Deep networks were first applied in image denoising in 2015 (Liang and Liu, 2015, Xu, Zhang, Zhang et al., 2015). The proposed network need not manually set parameters for removing the noise. After then, deep networks were widely applied in speech (Zhang et al., 2015), video (Yuan, Fan and He, 2020) and image restoration (Ren, Shang et al., 2020, Tian, Xu, Zuo et al., 2020). Mao, Shen, and Yang (2016) used multiple convolutions and deconvolutions to suppress the noise and recover the high-resolution image. For addressing multiple low-level tasks via a model, a denoising CNN (DnCNN) (Zhang, Zuo, Chen et al., 2017) consisting of convolutions, batch normalization (BN) (Ioffe & Szegedy, 2015), rectified linear unit (ReLU) (Nair & Hinton, 2010) and residual learning (RL) (He, Zhang, Ren, & Sun, 2016) was proposed to deal with image denoising, super-resolution, and JPEG image deblocking. Taking into account the tradeoff between denoising performance and speed, a color non-local network (CNLNet) (Lefkimmiatis, 2017) combined non-local self-similarity (NLSS) and CNN to efficiently remove color-image noise.
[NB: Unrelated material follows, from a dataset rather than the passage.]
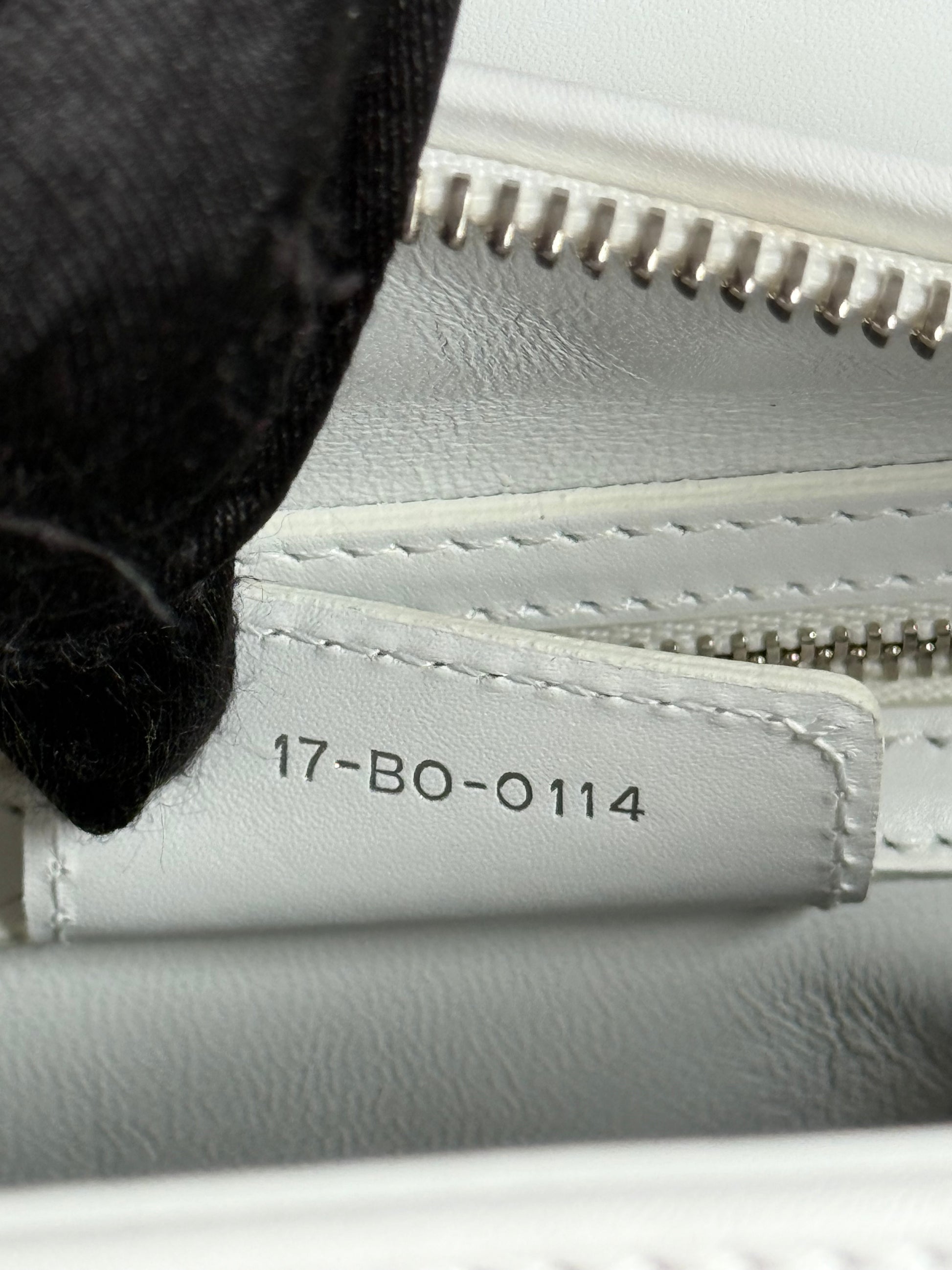The Christian Dior White Patch Embellished Medium Lady Dior is a refined statement piece crafted in smooth white leather, adorned with artistic patch embellishments. It features the iconic Cannage stitching, gold-tone 'D.I.O.R.' charms, and top handles, offering a bold twist on a timeless classic.

In terms of blind denoising, a fast and flexible denoising CNN (FFDNet) (Zhang, Zuo, & Zhang, 2018a) presented different noise levels and the noisy image patch as the input of a denoising network to improve denoising speed and process blind denoising. For handling unpaired noisy images, a generative adversarial network (GAN) CNN blind denoiser (GCBD) (Chen, Chen, Chao and Yang, 2018) resolved this problem by first generating the ground truth, then inputting the obtained ground truth into the GAN to train the denoiser. Alternatively, a convolutional blind denoising network (CBDNet) (Guo, Yan, Zhang, Zuo, & Zhang, 2019) removed the noise from the given real noisy image by two sub-networks, one in charge of estimating the noise of the real noisy image, and the other for obtaining the latent clean image. For more complex corrupted images, a deep plug-and-play super-resolution (DPSR) method (Zhang, Zuo and Zhang, 2019) was developed to estimate blur kernel and noise, and recover a high-resolution image. Although other important research has been conducted in the field of image denoising in recent years, there have been only a few reviews to summarize the deep learning techniques in image denoising (Tian, Xu, Fei, & Yan, 2018). Although Ref. Tian et al. (2018) referred to a good deal work, it lacked more detailed classification information about deep learning for image denoising. For example, related work pretraining to unpaired real noisy images was not covered. To this end, we aim to provide an overview of deep learning for image denoising, in terms of both applications and analysis. Finally, we discuss the state-of-the-art methods for image denoising, including how they can be further expanded to respond to the challenges of the future, as well as potential research directions. An outline of this survey is shown in Fig. 1.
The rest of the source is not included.